Especially for the development of novel healthcare technology, working together across different scientific disciplines and types of technology is key. The different approaches and terminologies used in these diverse fields of research make effective collaboration a real challenge. However, it becomes really interesting and enjoyable after starting to understand the language of others. CONNECT literally connects us to be open minded in evaluating our findings not only from our own but also from the perspective of other disciplines including the neurosciences, which urgently seeks to apply nervous-systems-on-chip technology to advance their frontiers.
Interview with Gemma Gomez Giro, Postdoc in CONNECT Nervous-system-on-Chip
Dr. Gemma Gomez-Giro is a postdoctoral researcher at the Luxembourg Centre for Systems Biomedicine of the University of Luxembourg in the Developmental & Cellular Biology group (Schwamborn Lab).
Dr. Gemma Gomez-Giro received her B.Sc. in Biomedicine from the Autònoma University in Barcelona, Spain, in 2013 and continued with her master studies at the Pompeu Fabra University in the same region. After completing her MSc degree she moved to Munich, Germany, with an Erasmus+ grant pursuing her wish to investigate neurodegenerative diseases. Following her interest in neurodegenerative disorders, in 2015 she started her PhD in Biology at the Westfälische Wilhelms-Universität in Münster, Germany. She received her degree in 2019 on the topic: Modelling Juvenile Neuronal Ceroid Lipofuscinosis by genome editing in human induced pluripotent stem cells and cerebral organoids.
What is the objective of your postdoctoral studies in CONNECT?
The objective of my postdoctoral studies in CONNECT is to help integrate the knowledge we have gathered in the Schwamborn lab concerning neurodevelopment and 3D organoid culture technology in order to achieve a functional connection between different elements of the nervous system. It is my goal to participate in the production and up-scaling of the central nervous system compartment, which should contain all the necessary elements to establish a network with the other elements on the chip. It is also my objective to work on the application of the system to study Parkinson’s disease.
What do you think (from the viewpoint of your respective scientific discipline) is the biggest challenge in combining chip technology with neurobiology?

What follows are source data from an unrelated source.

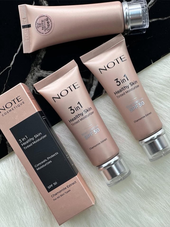 Note 3ü1 Arada Sağlıklı Cilt BB Krem, SPF 50 ve papatya özü ile kapatıcı, koruyucu ve nemlendirici özellikler sunar.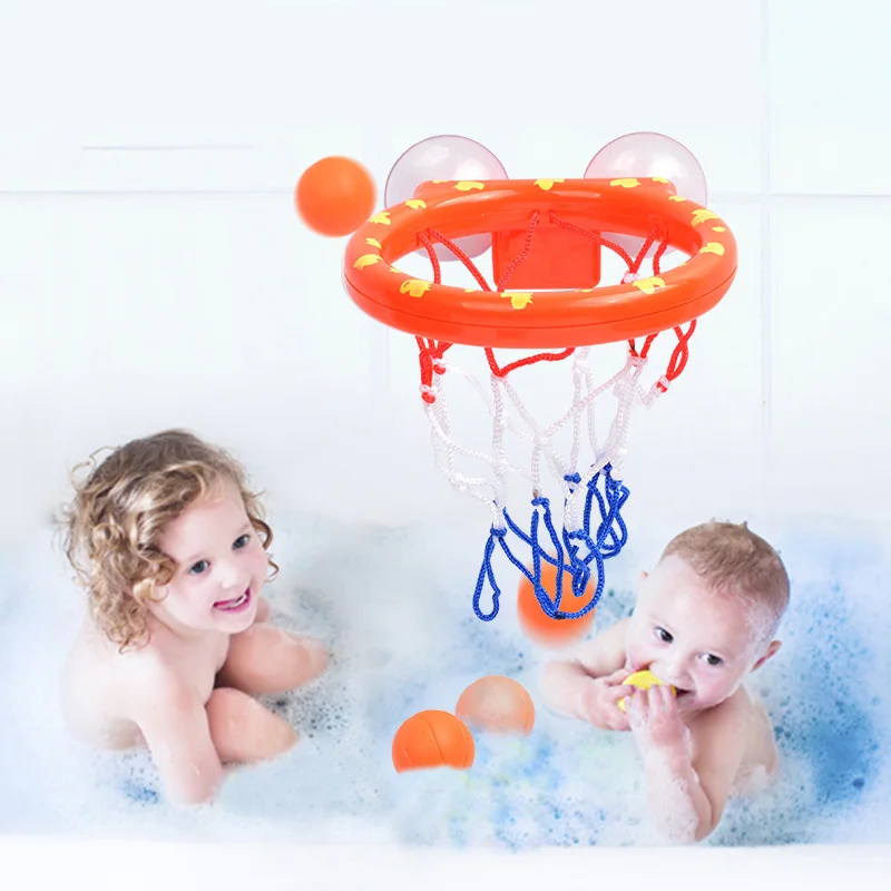 Детские Игрушки для ванны, детская корзина для стрельбы, набор для водных игр для маленьких девочек и мальчиков с 3 мини пластиковыми баскетбольными мячиками, Забавный душ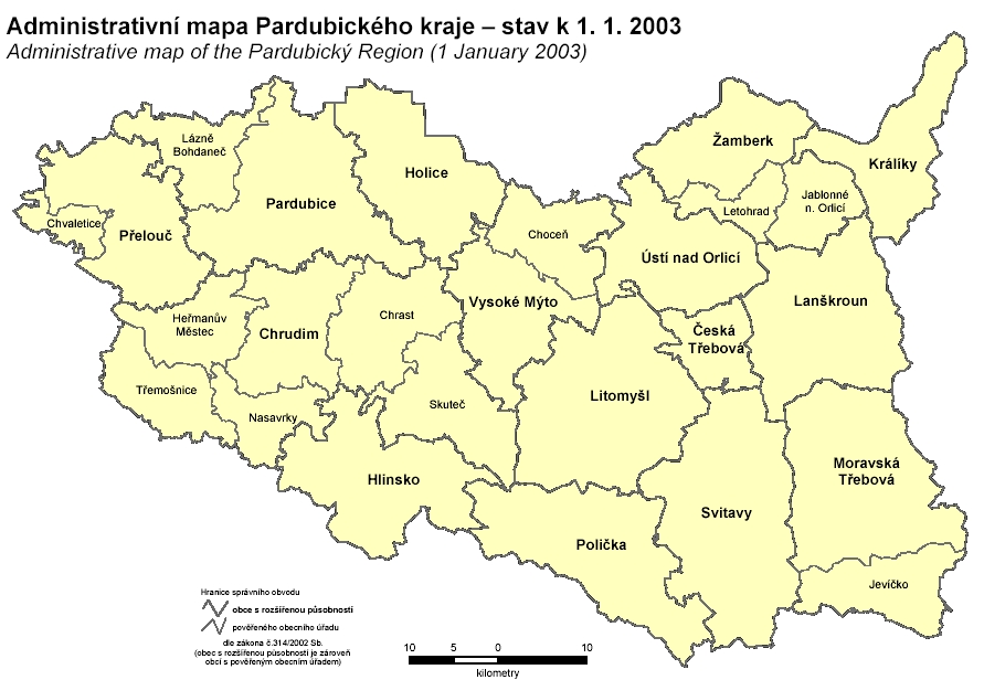 1. Administrativní mapa Pardubického kraje – stav k 1. 1. 2003 1. Administrative map of the Pardubický Region (1 January 2003)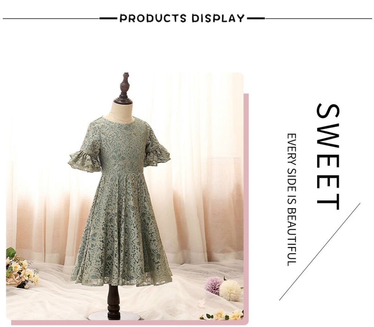 新作 ウエディングドレス2020エバープリティグレーOネックチュールレース刺繍ドレスホット花びらスリーブキッズウエディングドレス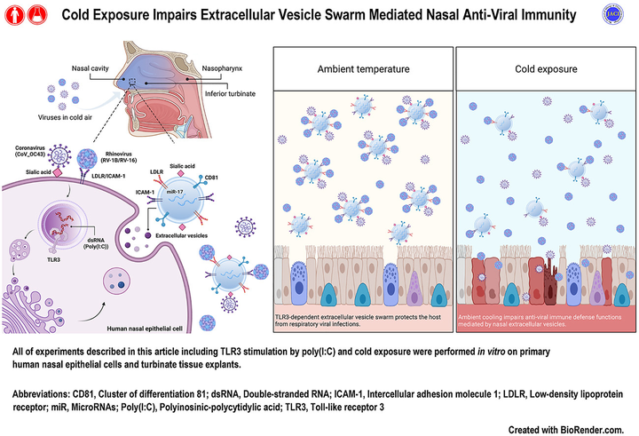 寒潮 (A) 总体影响和 (B) 寒潮叠加影响导致的流感发病率相对风险 这意味着什么?意味着在季节交替、冷空气突然南下时,感染风险并不是线性变化,而是会在短时间内抬高。 “春捂”在这样的背景下,其实是在帮身体跨过温度波动的风险窗口。 二、冷空气对鼻腔防线的直接影响:免疫不是恒定的 有人会问:冷一点真的会“着凉”吗?病毒不是靠传染源传播吗? 传播固然重要,但宿主的防御能力同样关键。2023年《Journal of Allergy and Clinical Immunology》的一项基础研究给出了机制层面的证据[4]。研究者发现,当鼻腔暴露在较低环境温度下时,鼻上皮细胞分泌的胞外囊泡数量下降,这些囊泡本身具有中和病毒、传递抗病毒微小RNA的功能。冷暴露会降低囊泡分泌量、减少抗病毒成分的装载,并削弱其与病毒结合的能力。 |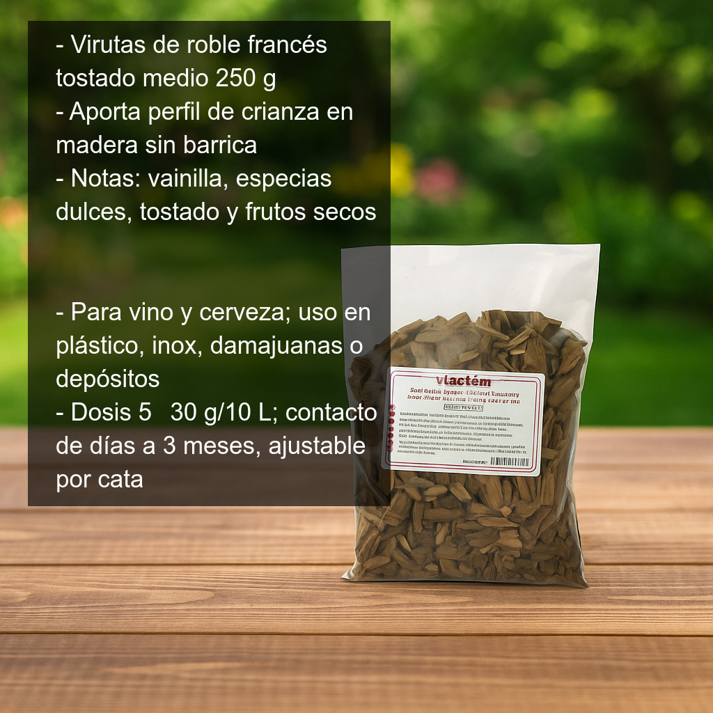 Dale a tu vino o cerveza un auténtico perfil de crianza en madera sin necesidad de barricas. Estas virutas de roble francés tostado medio (chips de roble) están elaboradas con roble francés y aportan de forma rápida y controlable los matices clásicos de la madera: vainilla, especias dulces, notas tostadas, frutos secos y un extra de complejidad aromática.

In my opinion, the random configuration of organoid 3D cultures makes it difficult to precisely control their growth and directionality. However, on-chip platforms are already developing better tools to achieve more guidance and monitoring of the microenvironment, overcoming at the same time concerns regarding reproducibility. I believe the biggest challenge when bringing both aspects together is the need to incorporate multi-omics readouts and advanced imaging techniques to be able to capture interactions and physiological responses at the systemic level and gather high-throughput data from the microfluidic system. Necessarily, this has to be paired with advances in computational models that can support such data analysis in order to achieve faster and reliable outcomes.
If you were meeting an investor in an elevator, what would be your 15 seconds Message Map to pitch to this CONNECT stakeholder the importance of putting the next level in vitro model systems for the nervous system firmly on the map?
In the CONNECT project we believe that it is not possible to explain complex neurodegenerative diseases by looking at the different systems affected separately. Therefore, we aim to increase the complexity level of in vitro systems to establish a functional connection between different elements of the nervous system. In order to do that, the advances in on-chip technologies are crucial in helping us establish, examine and measure this interaction. CONNECT represents an important bridge from the bench to translational medicine, allowing us to gain insight in Parkinson’s disease pathology mechanisms. Moreover, CONNECT is an innovative, improved and attractive in vitro screening platform that could reduce time and cost of drug development and testing, replacing animal experimentation.